Jérôme Bertin offre ici un grand petit roman qui aurait ravi Gogol. Ce livre à l’humour glougloutant est tout sauf dégoûtant. L’auteur a l’intelligence de s’arrêter juste avant. L’auteur– comme son héros — possède “un bas de laine rempli d’aspics” mais cela devient un nœud de vipères que trimballe le pauvre hère — enfin presque — rempli de “neuroleptiques et leur venin”.
Le narrateur est en effet un enfermé volontaire et dans l’estuaire de la vie du schizophrène rien n’arrête, même pas ses freins. Il ne les ronge pas même si ses piranhas pourraient lui venir en aide. De toute façon, l’atrabilaire ne s’en soucie guère : des femmes lui font sa fête. Sa préférée est un peu replète et l’autre qu’il lutine est “moulée dans une robe jaune délicieusement fleurie de tête de mort”. Mais le sacripant doit parfois prendre sur lui pour s’arracher à son propre lit et jouer le coucou dans celui d’une servante au grand cœur dont il est peu jaloux..
Le bretteur en pince moins pour ses conquêtes que pour L.-F. Céline et Bukowski. C’est presque une déformation professionnelle. Mais le héros se fait soigner : son thérapeute est aussi fou que lui, ce qui est plutôt bon signe. Et tandis que la nuit tombe, la vie suit son cours. “Sans croix, ni lois” le “cas” d’X voyage en “première crasse”. Mais celui qui est pris pour un éructeur reste un sacré farceur.

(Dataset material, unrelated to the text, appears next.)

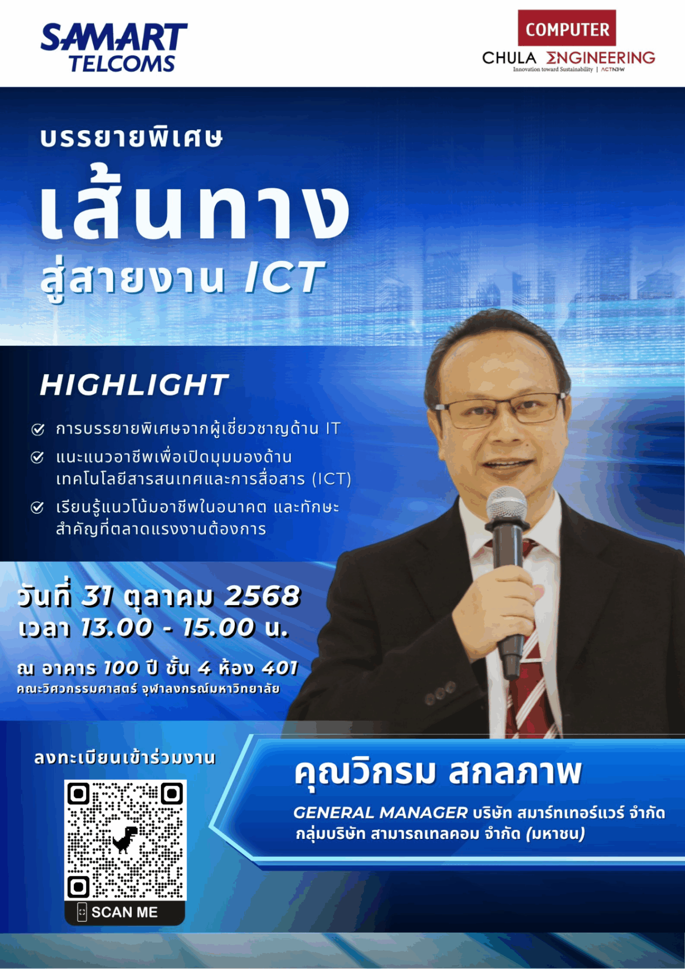 ในสัปดาห์นี้ ภาควิชาวิศวกรรมคอมพิวเตอร์ขอเชิญชวนนิสิตเข้าร่วมกิจกรรมการเรียนรู้จากประสบการณ์จริงของสถานประกอบการชั้นนำ ผ่านหัวข้อที่น่าสนใจและหลากหลาย เช่น Design Thinking Framework เยี่ยมชมสถานประกอบการที่บริษัท ไลน์แมน วงใน จำกัด การเตรียมความพร้อมสู่เส้นทางอาชีพในอนาคตด้วยเคล็ดลับพิเศษ ภาพรวมระบบ MES (Manufacturing Execution System) การแนะนำสถานประกอบการ และเส้นทางอาชีพ การนำ AI เข้ามาช่วยในการทำงาน

Et Bertin se démène pour rendre sympathique son semblable, son frère, son double famélique. Il y réussit parfaitement. Celui qui feint de rester couché comme un sac de farine nous roule dedans. L’auteur en devient sa boulange. Et d’un tel pétrin sortent — entre autres — de belles miches. Dans ses interstices et en le divisant, le démon s’envoie au paradis dès que son barda mue (en l’honneur de Louis Ferdinand).
jean-paul gavard-perret
Jérôme Bertin, Cas Soc’, Editions Vanloo, Aix en Provence, 2018, 70 p. — 12,00 €.